Hatchett further says one of the officers violated his reasonable expectation of privacy on his own premises by the use of a light intensifying device known as a "night scope". He cites numerous cases to sustain his position, none of which we find applicable to the facts involved here. Specifically, in Katz v. United States, 389 U.S. 347, 88 S.Ct. 507, 19 L.Ed.2d 576 (1967), the United States Supreme Court, citing from United States v. Lee, 274 U.S. 559, 47 S.Ct. 746, 71 L.Ed. 1202 (1927), states the proposition that "[what] a person knowingly exposes to the public, even in his own home or office, is not a subject of Fourth Amendment protection." We do not think the use of the "night scope" alters the efficacy of the surveillance in this case. Officer Finchum of the Metro Police had stationed himself in a field or hedgerow across the road from Hatchett's dwelling. From that place of observation he was able to see through a lighted window into the house where he observed various of its occupants walking back and forth carrying ragged objects which appeared to him to be marijuana. There were placing these objects into large plastic bags.
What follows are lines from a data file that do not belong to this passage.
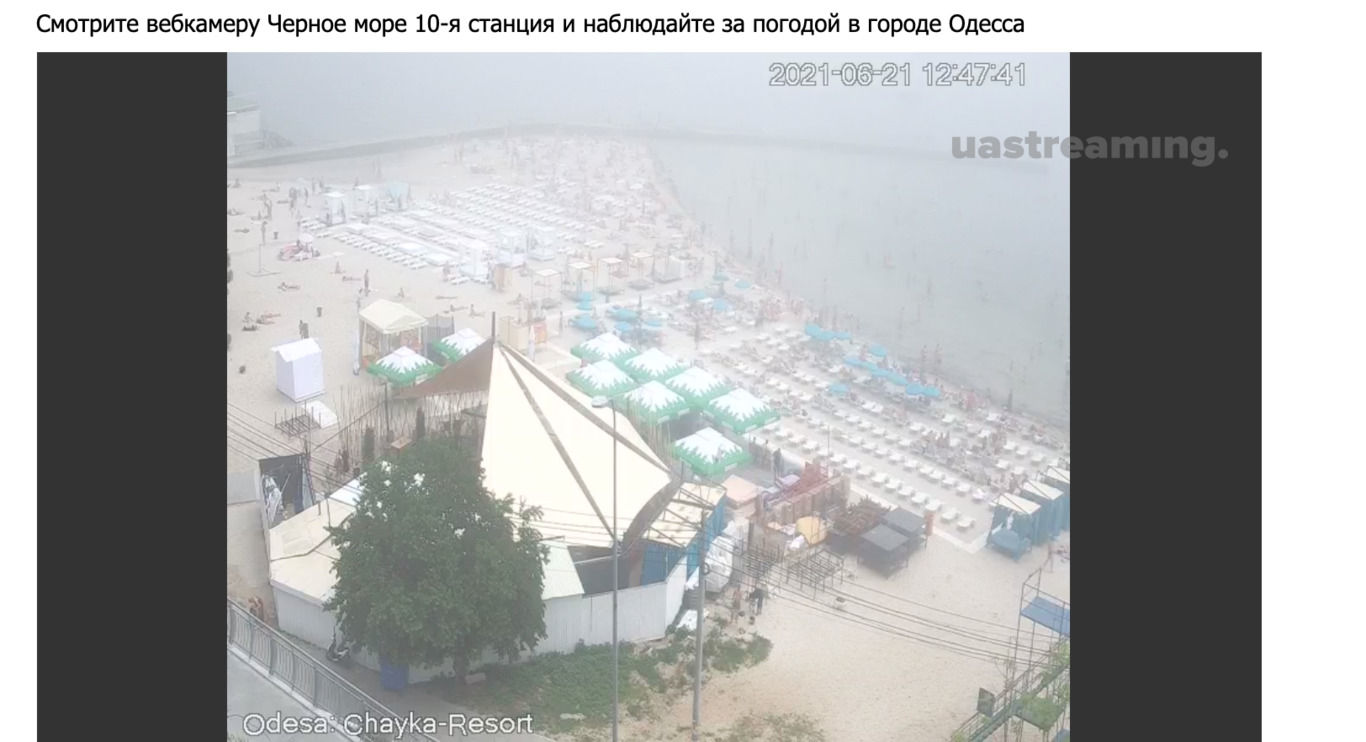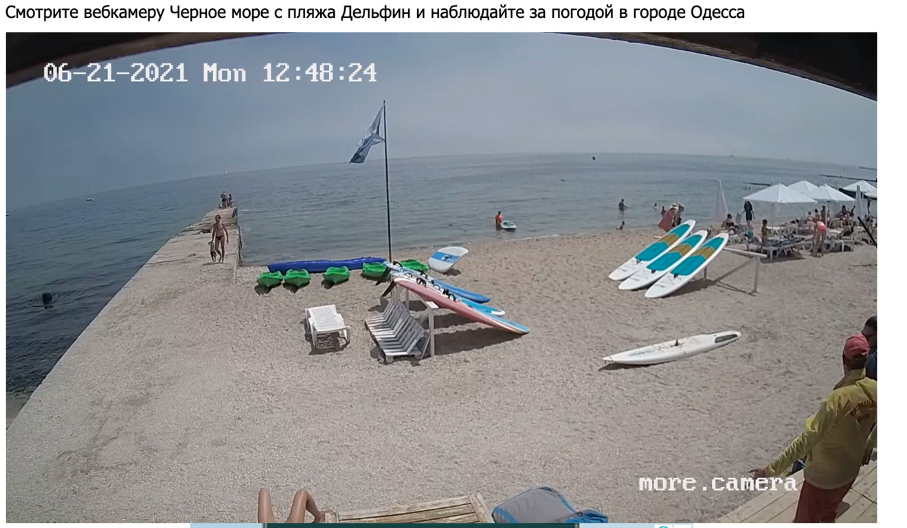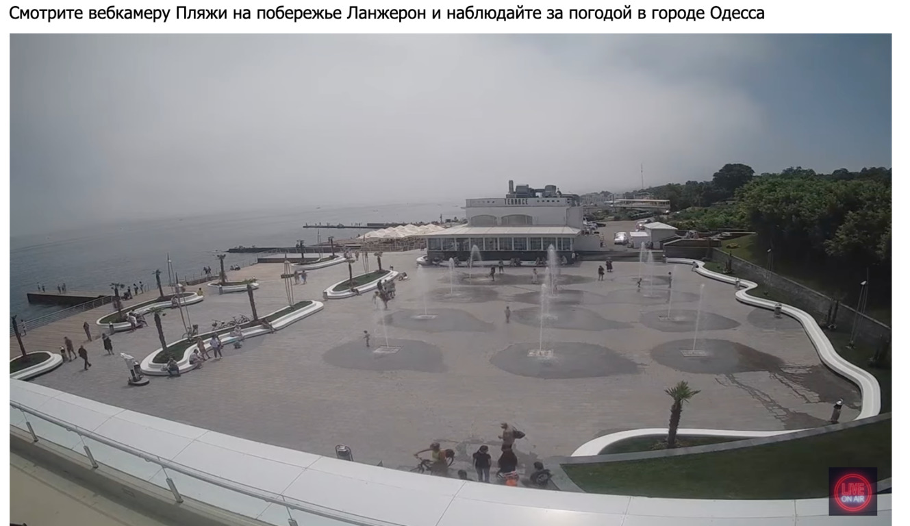 Как видно по камерам, в Одессе сегодня облачно и серо, но это не мешает туристам отдыхать на Черном море.
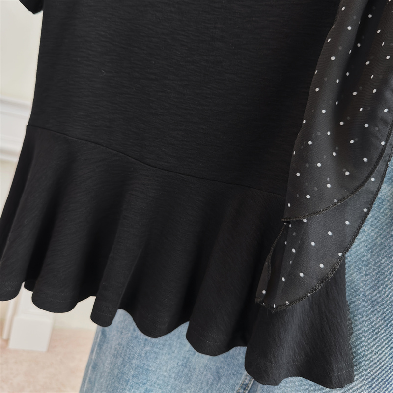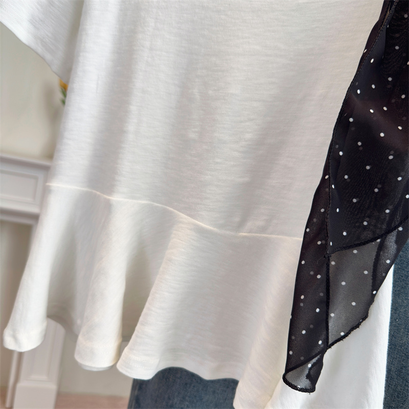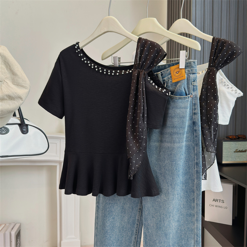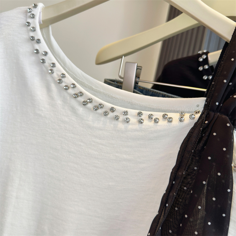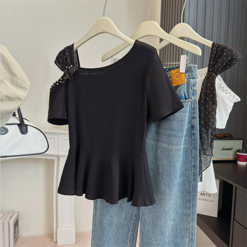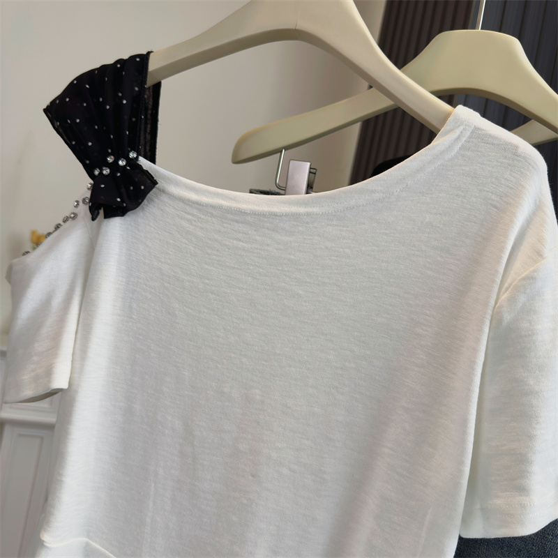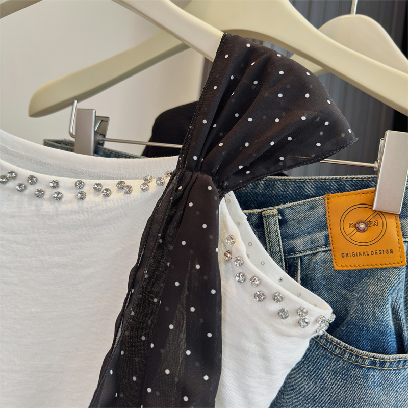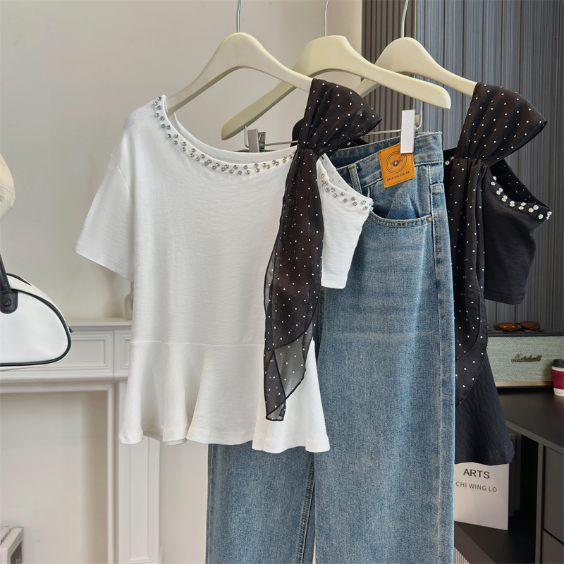RY2103# 实拍大码女装法式独特设计感斜肩重工钉钻波点飘带显瘦时尚上衣
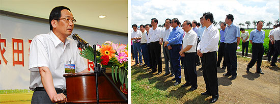 与会代表参观了廉江市、雷州市现代标准农田建设和粮食高产创建现场,图左为农业厅谢悦新厅长在会上发言。
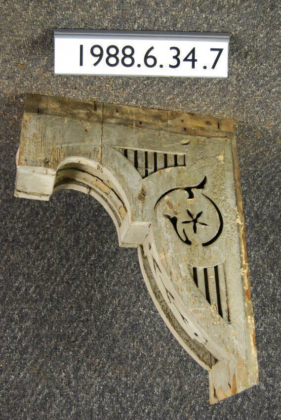 Wood cornice bracket. Scrolled sides. Recessed fluted panels at sides. Aesthetic movement ornamentation. Painted grey. Inscriptions or Markings: Manufacturer: Place of Manufacturer: Design motif: Style: Finish: Painted
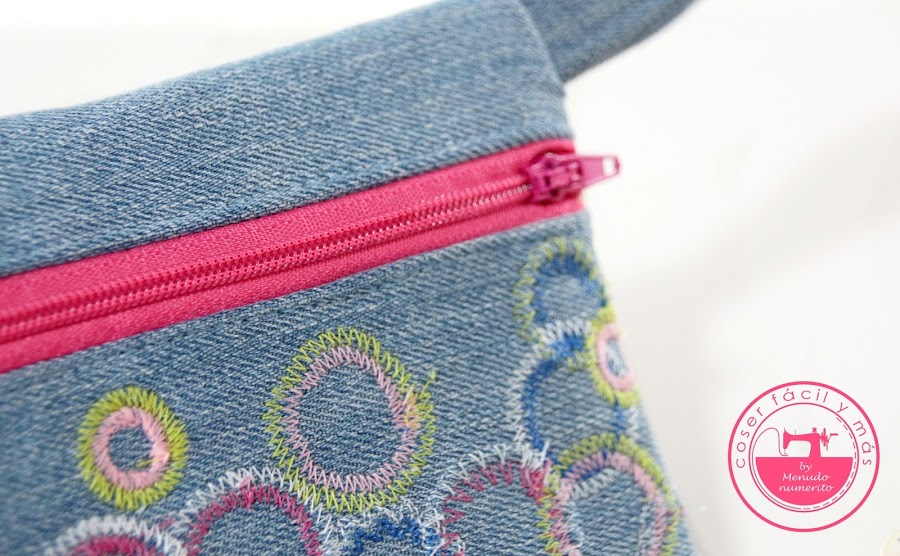 Hace unas semanas te mostré una cartera de mano vaquera en Instagram. La decoré con unos bordados que hice con el prensatelas de bordado en paralelo y luego la impermeabilicé, más que nada para proteger los bordados.
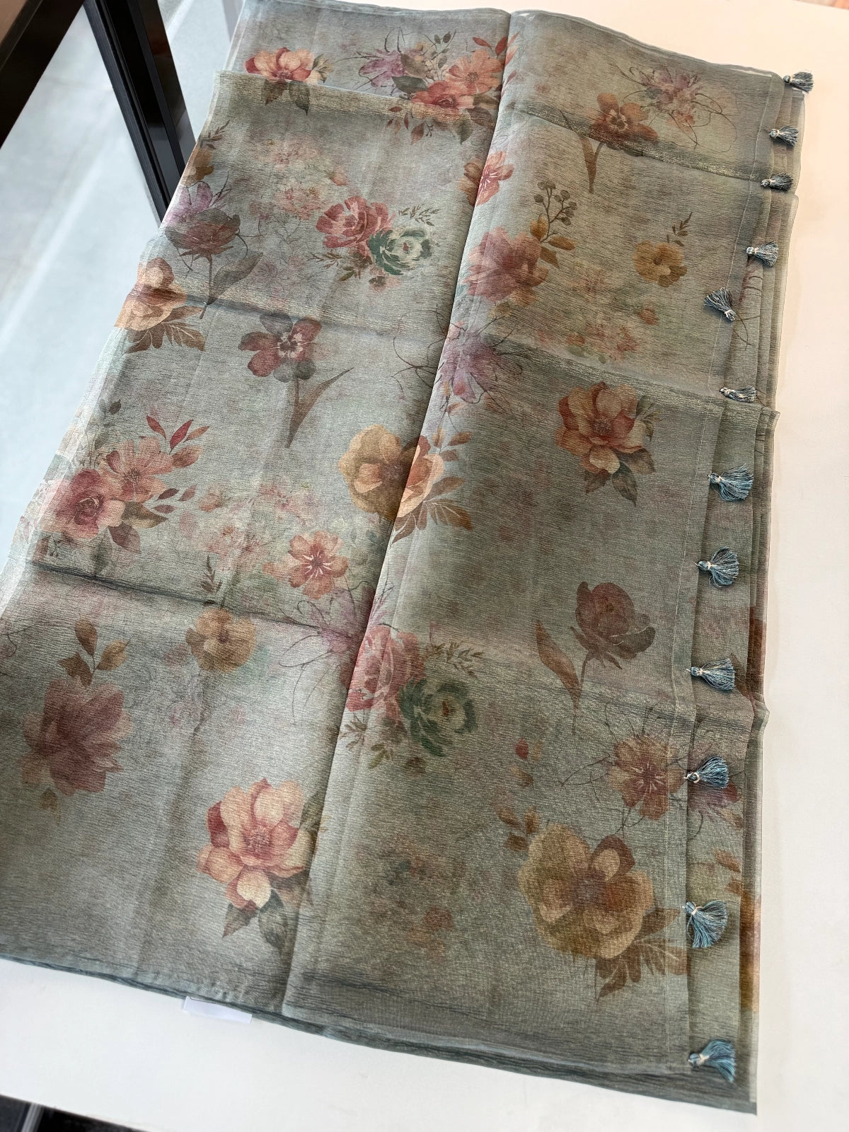 A stunning tissue feather-light crushed saree featuring a soft printed design that blends elegance with comfort. The lightweight crushed texture offers a graceful drape, making it perfect for festive occasions or casual gatherings.
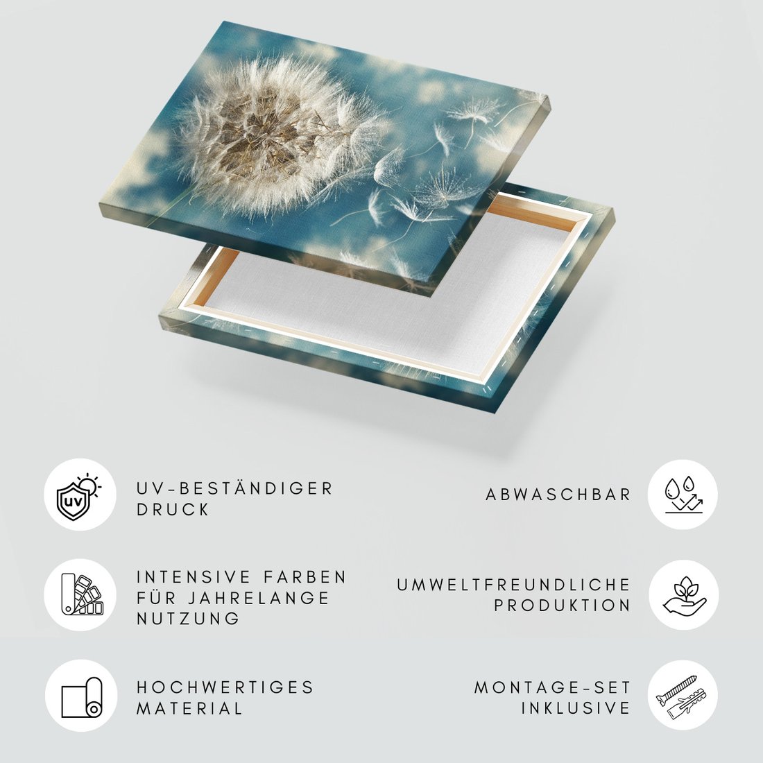 Obraz na płótnie z motywem Dmuchawiec, Nasiona, Natura to kwintesencja estetyki i trwałości. Dzięki łatwemu montażowi i uniwersalnemu wzornictwu, czyni go idealnym wyborem zarówno do codziennego użytku, jak i na wyrafinowany prezent.
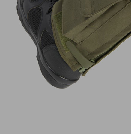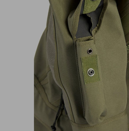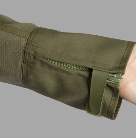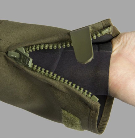 손목과 발목 부분의 외부 커프는 짧은 플라스틱 YKK 지퍼가 있으며, 슬라이더 잠금 장치를 고정하는 고무 벨크로 스트랩이 있어 움직임 중 걸림을 방지함
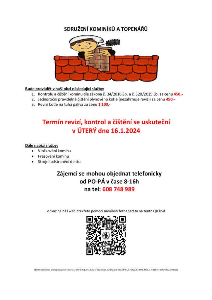 Nabídka kominických služeb.

Their earlier information, which induced the police to set up the surveillance, was that the dwelling was the site of a large scale marijuana selling operation. Although the evidence in the record is less than satisfactory it appears that Mr. Finchum used the "night scope" to observe the traffic and activity on the outside of the dwelling. This device when trained onto a bright area of light, such as the lighted window, was constructed to spontaneously darken the lens in order to protect the delicate mechanism essential to its operation. This would make it of no value in surveying activity in the interior of the house.
In summary the evidence shows that Officer Finchum was a police officer with several years experience in the field of narcotic detection whose observation of the activities in and about the residence of the defendant Hatchett established sufficient probable cause for the issue of the search warrant. He additionally testified that about the time the officers were closing in with the warrant in hand he observed a great deal of frantic and hurried activity about the house as the occupants began to remove a number of large plastic garbage sacks from the house, and to load them into the various automobiles parked there. Much of this could be plainly seen by the other officers as they approached the house. When defendants were finally brought into custody the officers found nineteen of the bags in one vehicle, ten in another, and one bag in a third. Fourteen more bags were found inside the house. All were filled with marijuana.
Both Hatchett and Cannon contest the legality of Cannon's warrantless arrest and the search of the vehicle he was driving.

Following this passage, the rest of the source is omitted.